**Assigned task**
Make an exact copy of the records below, leaving every image out.

Exercise input: Begin

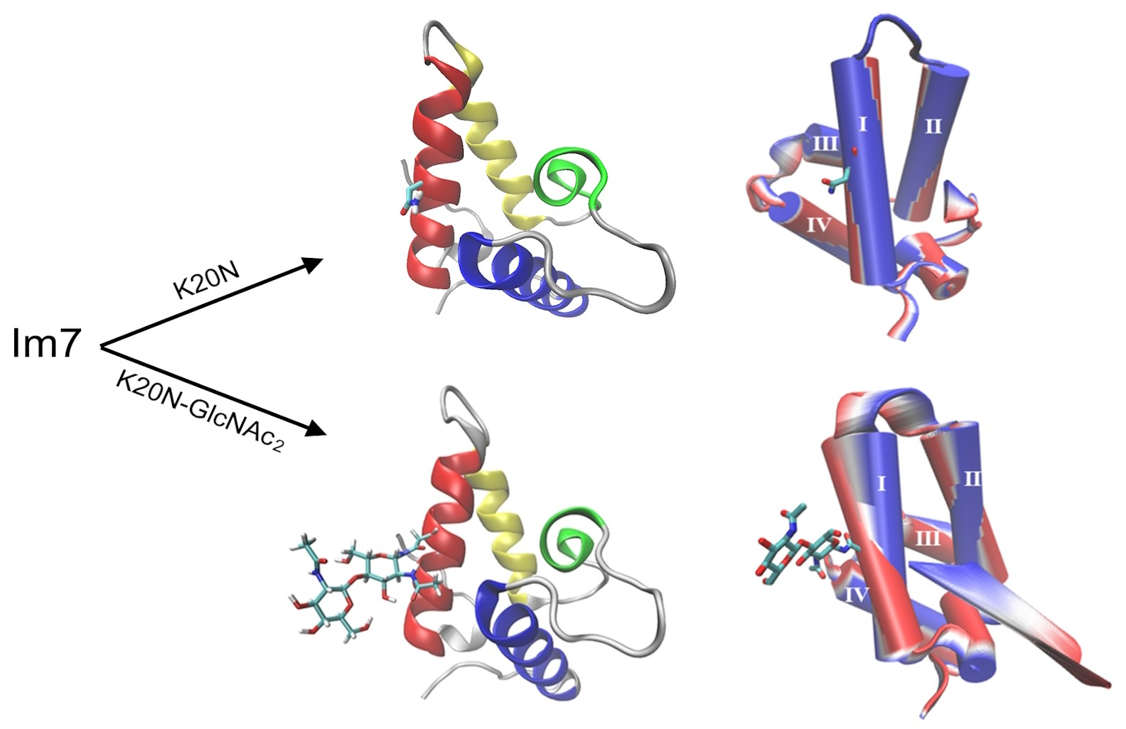 Chicago/Turabian StyleWang, Jianqiang, Panpan Wang, Guojie Cheng, and Dawei Zhang. 2025. "Theoretical Study of the Influence of K20N Glycosylation on the Dynamic Behavior of Im7 Protein" Molecules 30, no. 19: 3939. https://doi.org/10.3390/molecules30193939
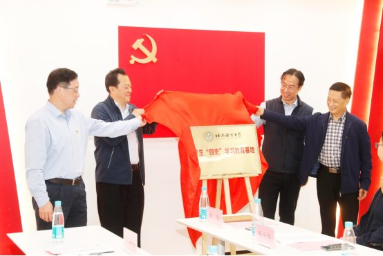倪海东书记、黄益方副校长和教育部党史学习教育高校第三巡回指导组方国良副组长、范迅副组长一起为学生“四史”学习教育基地揭牌。
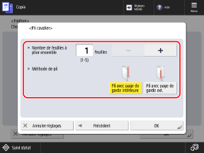 [Nombre de feuilles à plier ensemble] (Pour le pli cavalier et le pli cavalier parallèle)
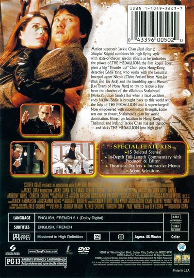 Action superstar Jackie Chan (Rush Hour 2, Shanghai Knights) combines his high-flying style with state-of-the-art special effects as he unleashes the power of THE MEDALLION, the film Roger Ebert gives a big "Thumbs up!" Chan plays Hong Kong detective Eddie Yang, who works with the beautiful Interpol agent Nicole (Claire Forlani from Meet Joe Black and The Rock) and the bumbling agent Watson (Lee Evans of Mouse Hunt) to try to rescue a boy from the clutches of the villainous Snakehead (Warlock's Julian Sands). But when a fatal accident ends his life, Eddie is brought back to this world with the help of THE MEDALLION and is supercharged! Now empowered with superhuman strength, Eddie sets out to thwart Snakehead's plan for world domination. Filmed on location in Hong Kong, Thailand, and Ireland. Jackie Chan has got the power – and kicks THE MEDALLION into high gear! |
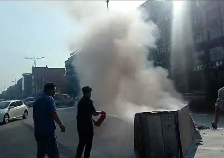 当天下午16时,星辉公司永康农商行中队浙G7D372车组前往行方接款,途经永康市第二人民医院附近时,发现一辆面包车冒着滚滚浓烟,疑似车辆自燃,且火势越来越大,若不及时处置,或造成人员伤亡及重大财产损失。
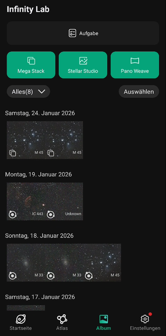 Vielleicht haben Sie das selbe Himmelsobjekt in zwei oder mehreren Belichtungsserien erfasst - zum Beispiel, weil Ihnen die eingestellte Zahl an Lightframes letztlich doch zu gering vorkam. Bei äquatorialer Aufstellung können aber auch Stunden oder Tage zwischen den Serien verstreichen.Wählen Sie Mega Stack, erscheinen die Symbolbilder solcher Serien nebeneinander - zum Auswählen. Allerdings klappt das nicht, falls unterschiedliche Filter in Verwendung standen. Offenbar sollte man auf idente Einstellungen achten.Klickt man die Schaltfläche Gestapelt an, werden alle Lightframes dieser Serien zu einem neuen Summenbild vereint. Das verbessert das SNR, das Signal-zu-Rauschen-Verhältnis. Nach mehreren Minuten landet das Endergebnis wieder in der Systemgalerie. Um es in den PC zu bekommen, siehe oben: Verfahren C).
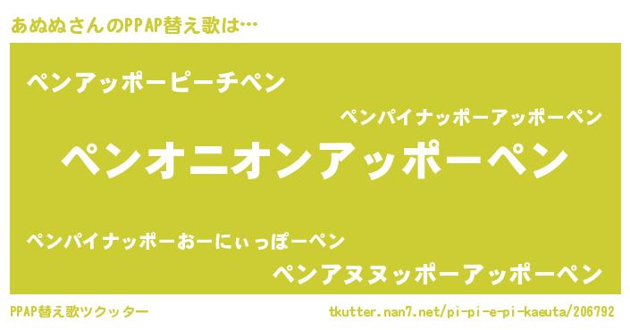 | 2回繰り返すあだ名 | 『たぽたぽ』『あぬあぬ』『ああぬぬ』 |
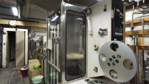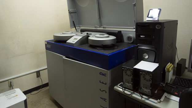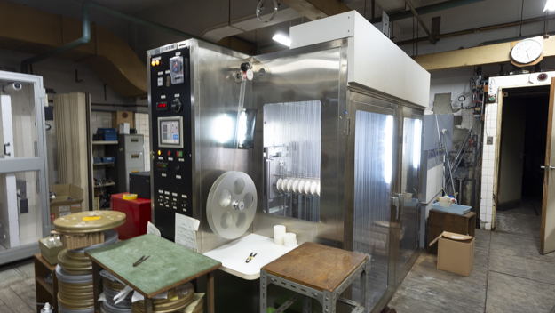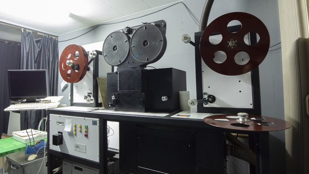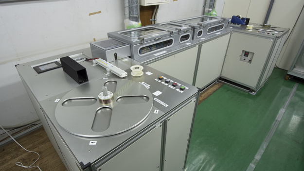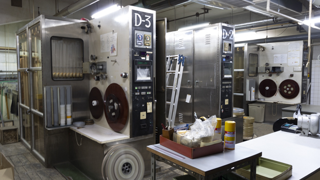 現像機フロアで目を引くのが、映写用プリント用カラーポジ現像機だ。16mm、35mmが各1台稼働している。フィルムで映画のプリントが焼かれた全盛期は、24時間体制で4台のカラーポジ現像機がフル稼働していたという。

Exercise input: End

**Output below**
 Chicago/Turabian StyleWang, Jianqiang, Panpan Wang, Guojie Cheng, and Dawei Zhang. 2025. "Theoretical Study of the Influence of K20N Glycosylation on the Dynamic Behavior of Im7 Protein" Molecules 30, no. 19: 3939. https://doi.org/10.3390/molecules30193939
倪海东书记、黄益方副校长和教育部党史学习教育高校第三巡回指导组方国良副组长、范迅副组长一起为学生“四史”学习教育基地揭牌。
 [Nombre de feuilles à plier ensemble] (Pour le pli cavalier et le pli cavalier parallèle)
 Action superstar Jackie Chan (Rush Hour 2, Shanghai Knights) combines his high-flying style with state-of-the-art special effects as he unleashes the power of THE MEDALLION, the film Roger Ebert gives a big "Thumbs up!" Chan plays Hong Kong detective Eddie Yang, who works with the beautiful Interpol agent Nicole (Claire Forlani from Meet Joe Black and The Rock) and the bumbling agent Watson (Lee Evans of Mouse Hunt) to try to rescue a boy from the clutches of the villainous Snakehead (Warlock's Julian Sands). But when a fatal accident ends his life, Eddie is brought back to this world with the help of THE MEDALLION and is supercharged! Now empowered with superhuman strength, Eddie sets out to thwart Snakehead's plan for world domination. Filmed on location in Hong Kong, Thailand, and Ireland. Jackie Chan has got the power – and kicks THE MEDALLION into high gear! |
 当天下午16时,星辉公司永康农商行中队浙G7D372车组前往行方接款,途经永康市第二人民医院附近时,发现一辆面包车冒着滚滚浓烟,疑似车辆自燃,且火势越来越大,若不及时处置,或造成人员伤亡及重大财产损失。
 Vielleicht haben Sie das selbe Himmelsobjekt in zwei oder mehreren Belichtungsserien erfasst - zum Beispiel, weil Ihnen die eingestellte Zahl an Lightframes letztlich doch zu gering vorkam. Bei äquatorialer Aufstellung können aber auch Stunden oder Tage zwischen den Serien verstreichen.Wählen Sie Mega Stack, erscheinen die Symbolbilder solcher Serien nebeneinander - zum Auswählen. Allerdings klappt das nicht, falls unterschiedliche Filter in Verwendung standen. Offenbar sollte man auf idente Einstellungen achten.Klickt man die Schaltfläche Gestapelt an, werden alle Lightframes dieser Serien zu einem neuen Summenbild vereint. Das verbessert das SNR, das Signal-zu-Rauschen-Verhältnis. Nach mehreren Minuten landet das Endergebnis wieder in der Systemgalerie. Um es in den PC zu bekommen, siehe oben: Verfahren C).
 | 2回繰り返すあだ名 | 『たぽたぽ』『あぬあぬ』『ああぬぬ』 |
 現像機フロアで目を引くのが、映写用プリント用カラーポジ現像機だ。16mm、35mmが各1台稼働している。フィルムで映画のプリントが焼かれた全盛期は、24時間体制で4台のカラーポジ現像機がフル稼働していたという。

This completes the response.